Extracted records
======
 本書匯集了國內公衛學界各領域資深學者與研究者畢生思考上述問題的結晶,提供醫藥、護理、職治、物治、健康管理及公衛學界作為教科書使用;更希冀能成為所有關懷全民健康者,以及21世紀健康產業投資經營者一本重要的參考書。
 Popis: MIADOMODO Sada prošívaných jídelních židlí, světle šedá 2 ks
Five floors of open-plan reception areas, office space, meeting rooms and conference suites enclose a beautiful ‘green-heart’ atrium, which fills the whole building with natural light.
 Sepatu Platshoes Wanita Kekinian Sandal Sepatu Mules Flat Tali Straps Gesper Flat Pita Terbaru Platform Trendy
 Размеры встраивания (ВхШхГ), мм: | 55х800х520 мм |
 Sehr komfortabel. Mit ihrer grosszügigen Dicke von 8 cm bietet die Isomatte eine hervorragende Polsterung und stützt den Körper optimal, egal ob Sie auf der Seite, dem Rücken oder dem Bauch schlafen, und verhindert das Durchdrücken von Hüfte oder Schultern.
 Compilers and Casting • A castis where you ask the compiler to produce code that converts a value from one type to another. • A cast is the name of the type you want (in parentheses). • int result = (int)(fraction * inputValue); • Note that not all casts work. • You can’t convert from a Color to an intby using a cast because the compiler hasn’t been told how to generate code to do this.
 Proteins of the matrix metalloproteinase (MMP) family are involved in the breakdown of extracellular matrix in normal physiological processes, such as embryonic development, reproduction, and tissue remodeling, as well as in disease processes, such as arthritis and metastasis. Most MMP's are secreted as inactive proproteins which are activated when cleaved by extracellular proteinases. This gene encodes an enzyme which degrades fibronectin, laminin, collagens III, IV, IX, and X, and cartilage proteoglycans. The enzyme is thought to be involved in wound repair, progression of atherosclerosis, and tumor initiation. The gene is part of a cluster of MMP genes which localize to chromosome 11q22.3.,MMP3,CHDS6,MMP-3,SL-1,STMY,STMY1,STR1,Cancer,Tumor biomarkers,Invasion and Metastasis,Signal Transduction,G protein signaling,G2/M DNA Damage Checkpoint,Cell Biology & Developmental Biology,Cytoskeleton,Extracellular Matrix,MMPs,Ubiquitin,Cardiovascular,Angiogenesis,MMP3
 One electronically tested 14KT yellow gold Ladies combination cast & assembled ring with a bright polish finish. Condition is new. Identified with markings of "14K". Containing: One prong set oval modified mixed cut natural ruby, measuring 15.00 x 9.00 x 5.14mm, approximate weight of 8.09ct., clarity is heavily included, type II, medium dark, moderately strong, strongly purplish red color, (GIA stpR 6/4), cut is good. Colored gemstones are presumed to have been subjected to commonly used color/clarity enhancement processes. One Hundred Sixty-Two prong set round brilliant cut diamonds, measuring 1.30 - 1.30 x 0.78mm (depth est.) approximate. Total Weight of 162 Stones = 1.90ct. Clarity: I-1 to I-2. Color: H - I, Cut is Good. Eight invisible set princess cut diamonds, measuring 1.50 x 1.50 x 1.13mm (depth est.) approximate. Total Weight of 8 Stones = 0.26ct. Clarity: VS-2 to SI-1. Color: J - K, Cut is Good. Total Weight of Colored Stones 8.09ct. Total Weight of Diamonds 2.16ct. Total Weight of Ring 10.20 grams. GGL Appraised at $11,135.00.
======
■ TASK PROMPT: Every line of the data above should be retyped precisely.

■ ANSWER SPACE:
 本書匯集了國內公衛學界各領域資深學者與研究者畢生思考上述問題的結晶,提供醫藥、護理、職治、物治、健康管理及公衛學界作為教科書使用;更希冀能成為所有關懷全民健康者,以及21世紀健康產業投資經營者一本重要的參考書。
 Popis: MIADOMODO Sada prošívaných jídelních židlí, světle šedá 2 ks
Five floors of open-plan reception areas, office space, meeting rooms and conference suites enclose a beautiful ‘green-heart’ atrium, which fills the whole building with natural light.
 Sepatu Platshoes Wanita Kekinian Sandal Sepatu Mules Flat Tali Straps Gesper Flat Pita Terbaru Platform Trendy
 Размеры встраивания (ВхШхГ), мм: | 55х800х520 мм |
 Sehr komfortabel. Mit ihrer grosszügigen Dicke von 8 cm bietet die Isomatte eine hervorragende Polsterung und stützt den Körper optimal, egal ob Sie auf der Seite, dem Rücken oder dem Bauch schlafen, und verhindert das Durchdrücken von Hüfte oder Schultern.
 Compilers and Casting • A castis where you ask the compiler to produce code that converts a value from one type to another. • A cast is the name of the type you want (in parentheses). • int result = (int)(fraction * inputValue); • Note that not all casts work. • You can’t convert from a Color to an intby using a cast because the compiler hasn’t been told how to generate code to do this.
 Proteins of the matrix metalloproteinase (MMP) family are involved in the breakdown of extracellular matrix in normal physiological processes, such as embryonic development, reproduction, and tissue remodeling, as well as in disease processes, such as arthritis and metastasis. Most MMP's are secreted as inactive proproteins which are activated when cleaved by extracellular proteinases. This gene encodes an enzyme which degrades fibronectin, laminin, collagens III, IV, IX, and X, and cartilage proteoglycans. The enzyme is thought to be involved in wound repair, progression of atherosclerosis, and tumor initiation. The gene is part of a cluster of MMP genes which localize to chromosome 11q22.3.,MMP3,CHDS6,MMP-3,SL-1,STMY,STMY1,STR1,Cancer,Tumor biomarkers,Invasion and Metastasis,Signal Transduction,G protein signaling,G2/M DNA Damage Checkpoint,Cell Biology & Developmental Biology,Cytoskeleton,Extracellular Matrix,MMPs,Ubiquitin,Cardiovascular,Angiogenesis,MMP3
 One electronically tested 14KT yellow gold Ladies combination cast & assembled ring with a bright polish finish. Condition is new. Identified with markings of "14K". Containing: One prong set oval modified mixed cut natural ruby, measuring 15.00 x 9.00 x 5.14mm, approximate weight of 8.09ct., clarity is heavily included, type II, medium dark, moderately strong, strongly purplish red color, (GIA stpR 6/4), cut is good. Colored gemstones are presumed to have been subjected to commonly used color/clarity enhancement processes. One Hundred Sixty-Two prong set round brilliant cut diamonds, measuring 1.30 - 1.30 x 0.78mm (depth est.) approximate. Total Weight of 162 Stones = 1.90ct. Clarity: I-1 to I-2. Color: H - I, Cut is Good. Eight invisible set princess cut diamonds, measuring 1.50 x 1.50 x 1.13mm (depth est.) approximate. Total Weight of 8 Stones = 0.26ct. Clarity: VS-2 to SI-1. Color: J - K, Cut is Good. Total Weight of Colored Stones 8.09ct. Total Weight of Diamonds 2.16ct. Total Weight of Ring 10.20 grams. GGL Appraised at $11,135.00.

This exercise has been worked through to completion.